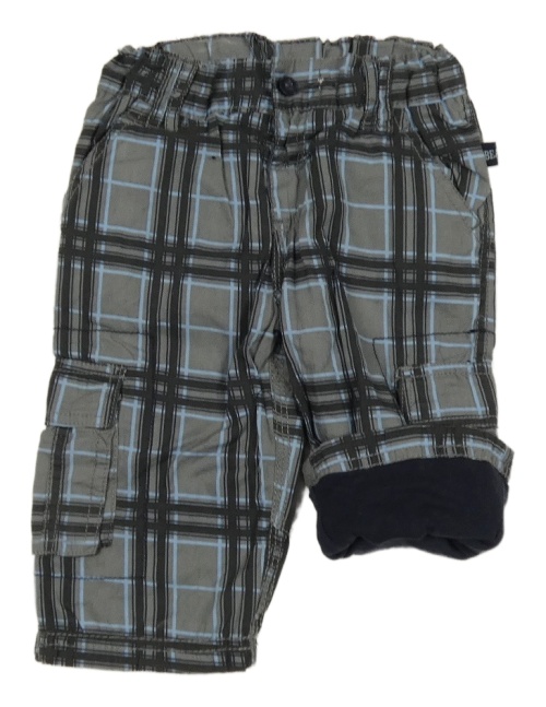 Šedo-modré kostkované plátěné podšité kalhoty s kapsami
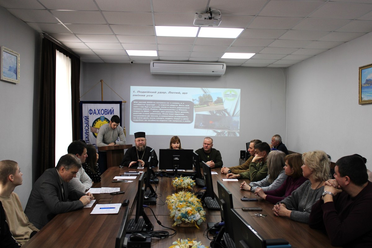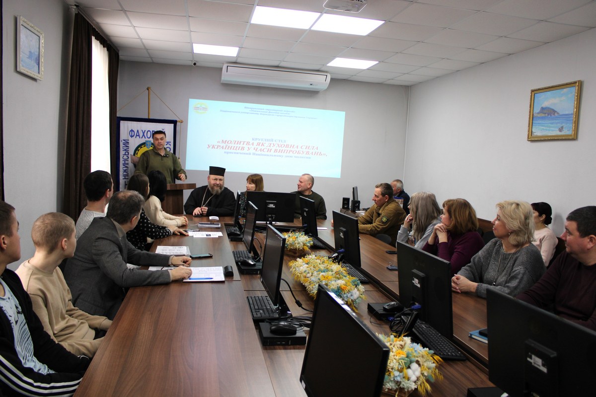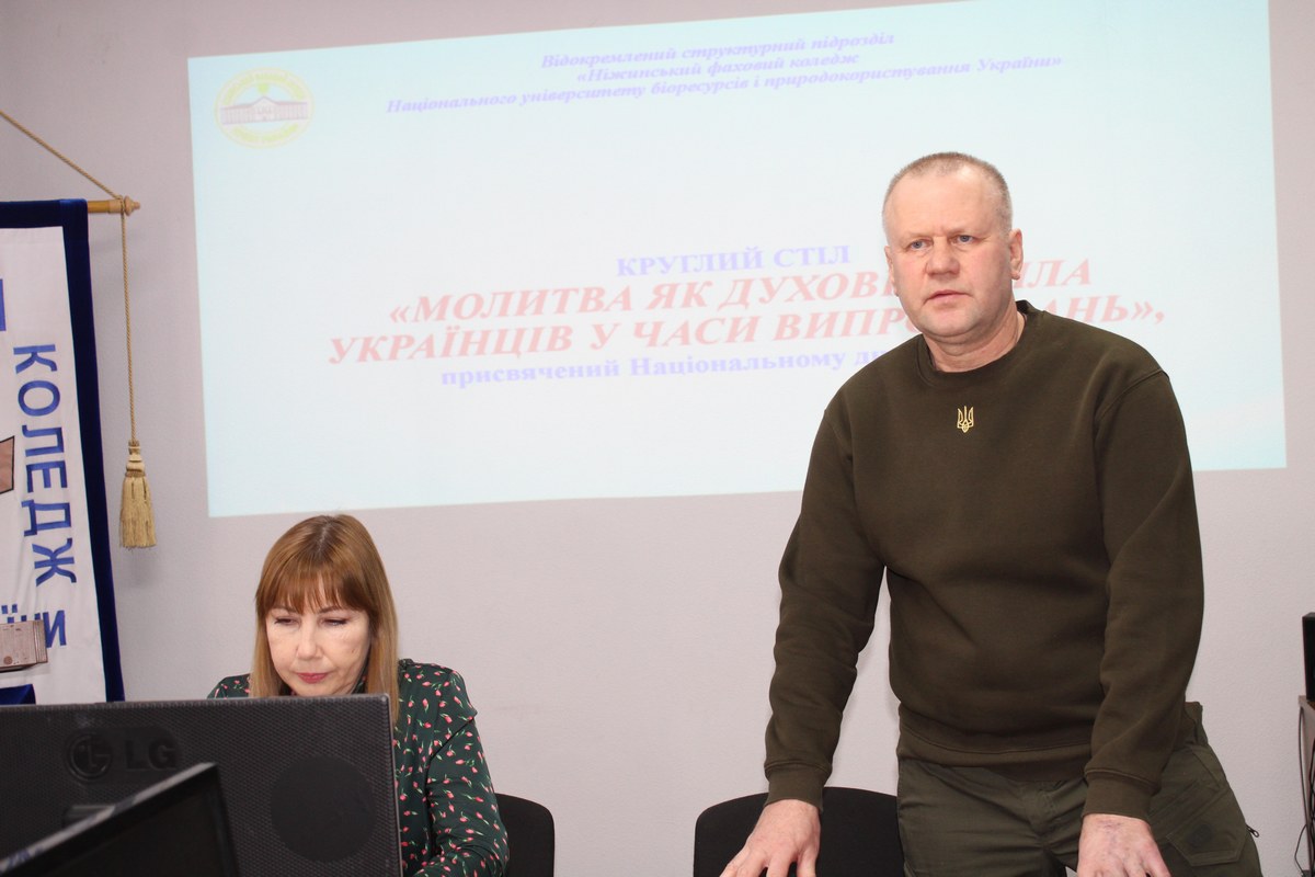 У четверту річницю повномасштабного вторгнення росії в Україну у ВСП «Ніжинський фаховий коледж НУБіП України» відбувся круглий стіл «Молитва як духовна сила українців у часи випробувань», який об’єднав учасників бойових дій, військових ветеранів, представників духовенства, студентів та викладачів коледжу навколо спільної теми – сили віри, пам’яті та незламності українського народу.
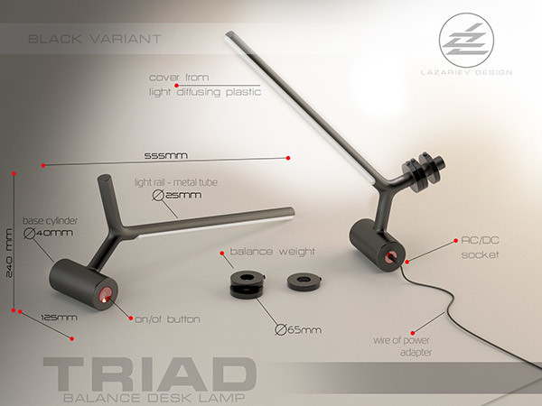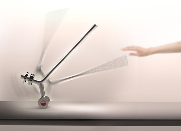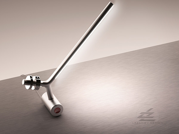 你不会在这个灯里发现任何弹簧、螺丝或铰链,但这并不代表它不够灵活。这一简单的设计有一个可滚动底座,上方有一套平衡系统,可通过移动或增加砝码以稳定在用户需要的角度。瘦长的LED灯是支架的延生,和Y型结构无缝对接。

·····

**TASK INSTRUCTIONS:**
Please copy the data shown above precisely, leaving the images out.

**RESULT FOR THIS EXERCISE:**
 Šedo-modré kostkované plátěné podšité kalhoty s kapsami
 У четверту річницю повномасштабного вторгнення росії в Україну у ВСП «Ніжинський фаховий коледж НУБіП України» відбувся круглий стіл «Молитва як духовна сила українців у часи випробувань», який об’єднав учасників бойових дій, військових ветеранів, представників духовенства, студентів та викладачів коледжу навколо спільної теми – сили віри, пам’яті та незламності українського народу.
 你不会在这个灯里发现任何弹簧、螺丝或铰链,但这并不代表它不够灵活。这一简单的设计有一个可滚动底座,上方有一套平衡系统,可通过移动或增加砝码以稳定在用户需要的角度。瘦长的LED灯是支架的延生,和Y型结构无缝对接。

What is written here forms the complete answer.